Supplied material section start

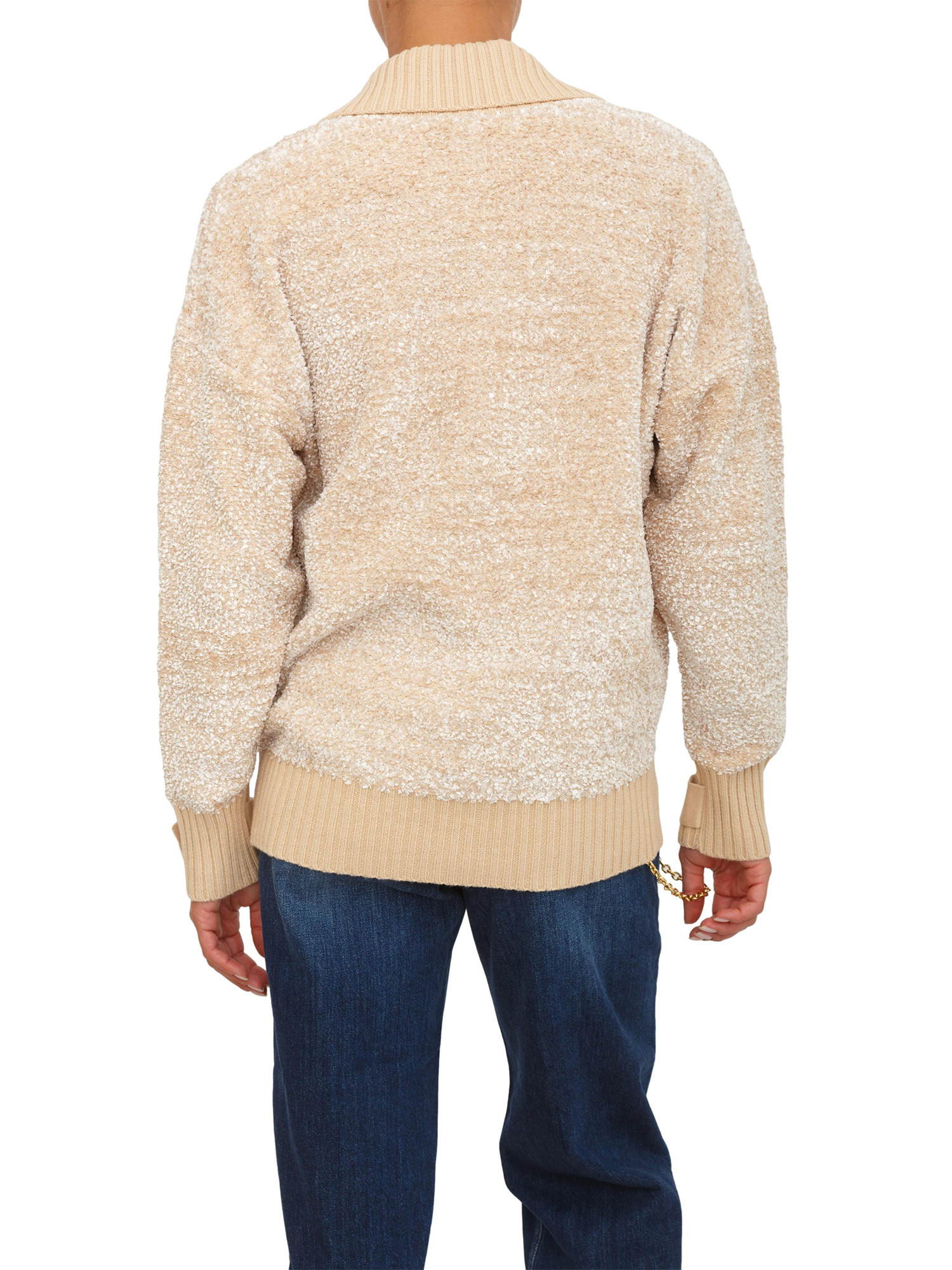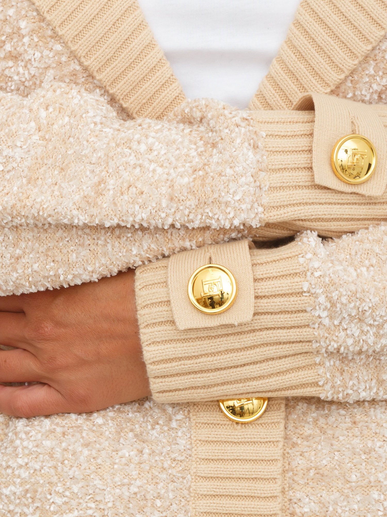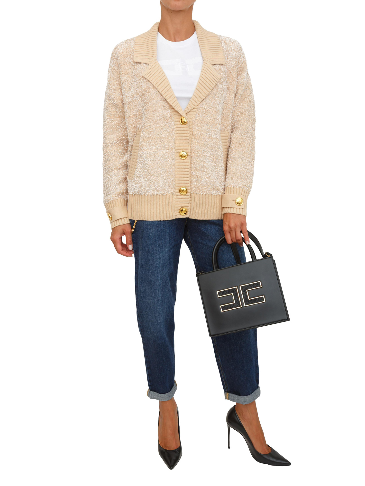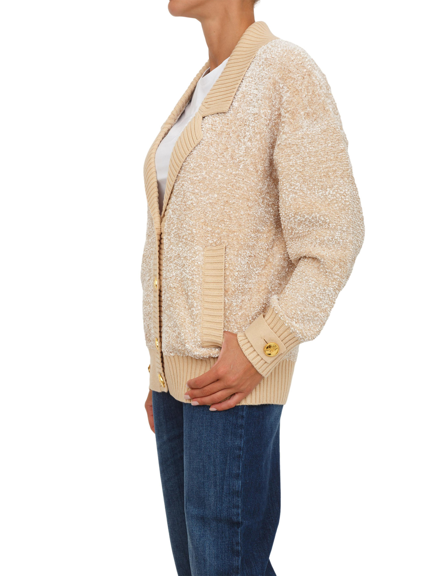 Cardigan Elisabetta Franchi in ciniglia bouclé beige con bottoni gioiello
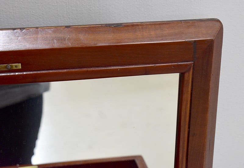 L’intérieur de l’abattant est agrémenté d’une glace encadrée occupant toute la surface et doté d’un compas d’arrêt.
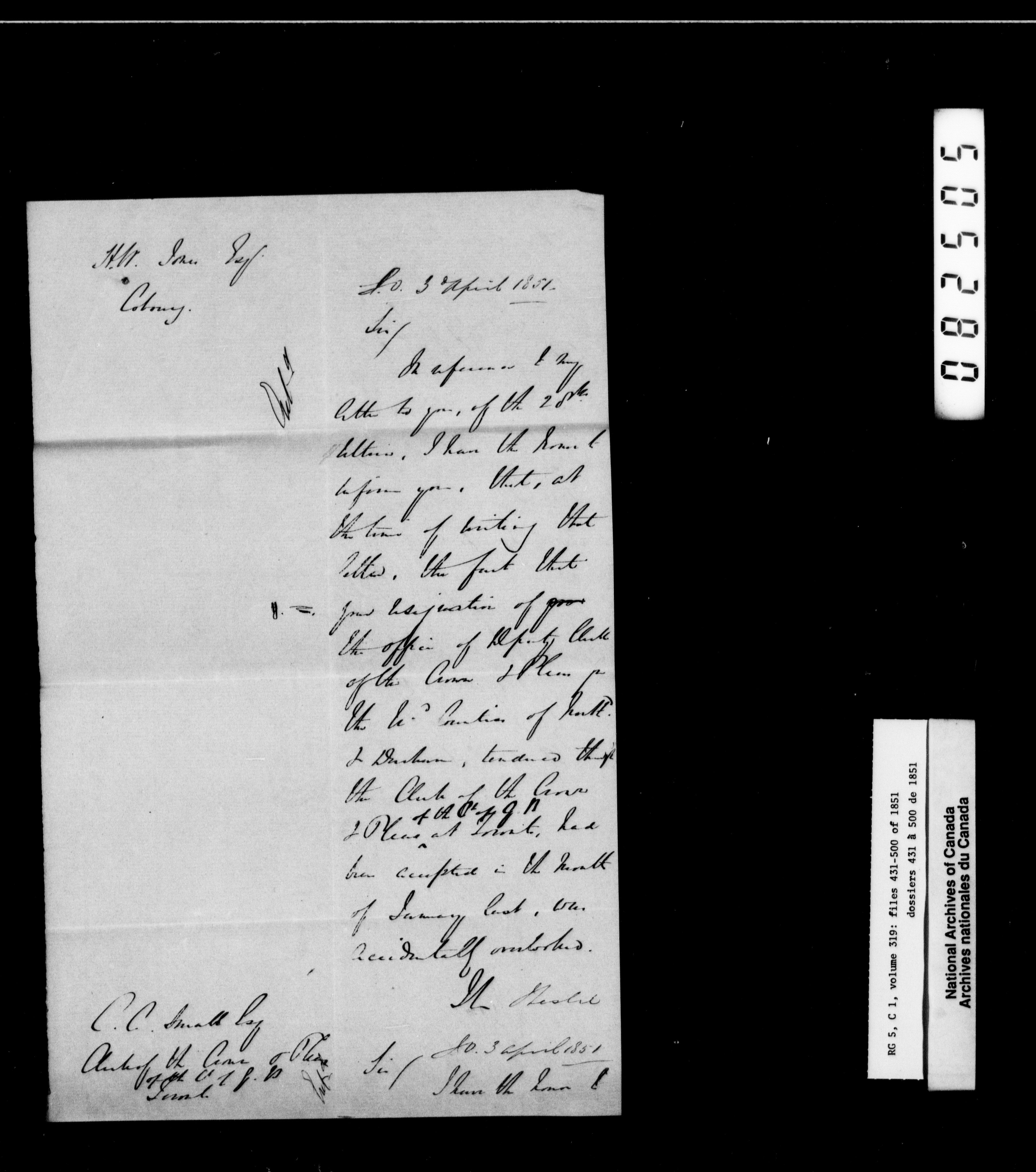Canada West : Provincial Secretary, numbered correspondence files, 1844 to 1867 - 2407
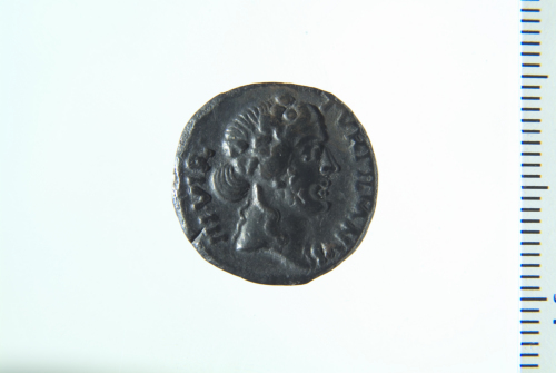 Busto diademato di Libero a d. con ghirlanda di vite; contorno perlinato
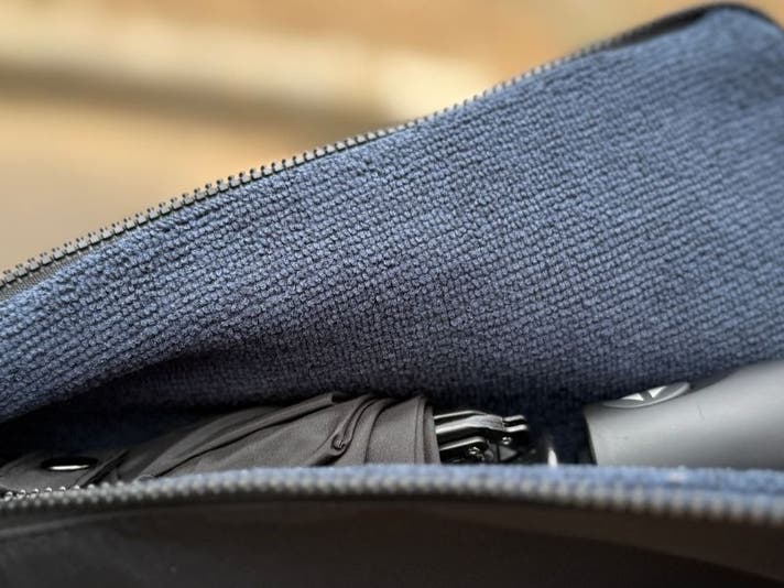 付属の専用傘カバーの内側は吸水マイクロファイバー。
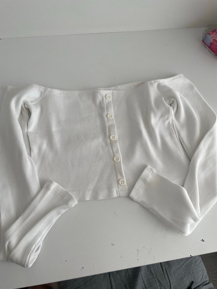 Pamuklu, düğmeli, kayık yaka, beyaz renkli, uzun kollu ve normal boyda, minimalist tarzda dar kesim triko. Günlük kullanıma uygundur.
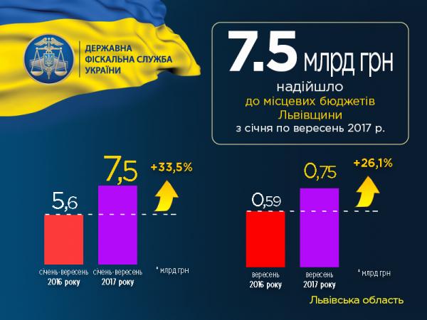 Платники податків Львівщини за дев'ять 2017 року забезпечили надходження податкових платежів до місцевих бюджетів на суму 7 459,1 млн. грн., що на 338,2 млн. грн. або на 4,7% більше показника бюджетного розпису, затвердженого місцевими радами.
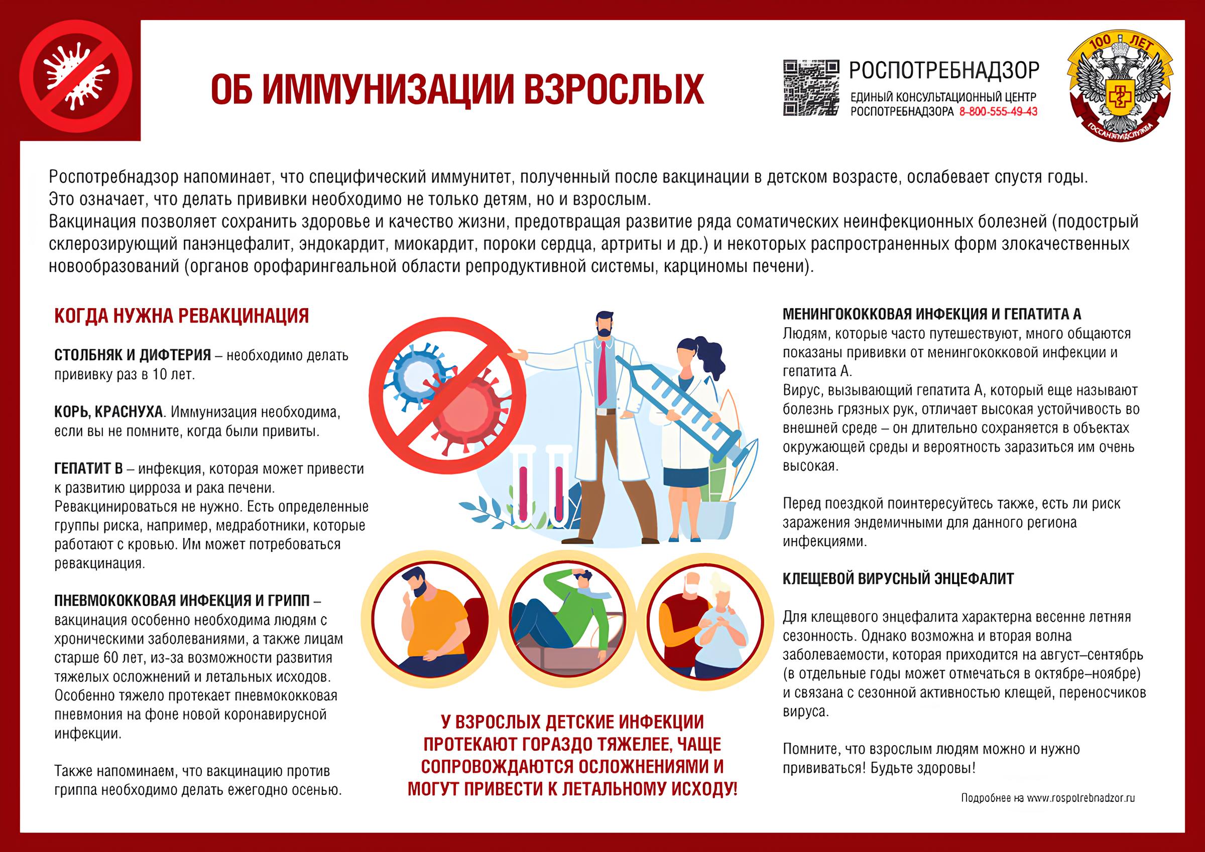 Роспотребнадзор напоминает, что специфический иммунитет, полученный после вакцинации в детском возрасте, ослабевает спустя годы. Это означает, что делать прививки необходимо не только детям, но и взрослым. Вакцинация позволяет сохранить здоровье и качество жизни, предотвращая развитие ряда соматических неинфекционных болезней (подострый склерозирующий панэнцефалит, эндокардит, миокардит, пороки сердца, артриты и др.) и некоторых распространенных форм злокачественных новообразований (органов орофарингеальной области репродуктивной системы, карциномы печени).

Supplied material section end

§ **Task instructions**
The data above must be reproduced exactly, without any of its pictures.

§ **Response to this task**
 Cardigan Elisabetta Franchi in ciniglia bouclé beige con bottoni gioiello
 L’intérieur de l’abattant est agrémenté d’une glace encadrée occupant toute la surface et doté d’un compas d’arrêt.
Canada West : Provincial Secretary, numbered correspondence files, 1844 to 1867 - 2407
 Busto diademato di Libero a d. con ghirlanda di vite; contorno perlinato
 付属の専用傘カバーの内側は吸水マイクロファイバー。
 Pamuklu, düğmeli, kayık yaka, beyaz renkli, uzun kollu ve normal boyda, minimalist tarzda dar kesim triko. Günlük kullanıma uygundur.
 Платники податків Львівщини за дев'ять 2017 року забезпечили надходження податкових платежів до місцевих бюджетів на суму 7 459,1 млн. грн., що на 338,2 млн. грн. або на 4,7% більше показника бюджетного розпису, затвердженого місцевими радами.
 Роспотребнадзор напоминает, что специфический иммунитет, полученный после вакцинации в детском возрасте, ослабевает спустя годы. Это означает, что делать прививки необходимо не только детям, но и взрослым. Вакцинация позволяет сохранить здоровье и качество жизни, предотвращая развитие ряда соматических неинфекционных болезней (подострый склерозирующий панэнцефалит, эндокардит, миокардит, пороки сердца, артриты и др.) и некоторых распространенных форм злокачественных новообразований (органов орофарингеальной области репродуктивной системы, карциномы печени).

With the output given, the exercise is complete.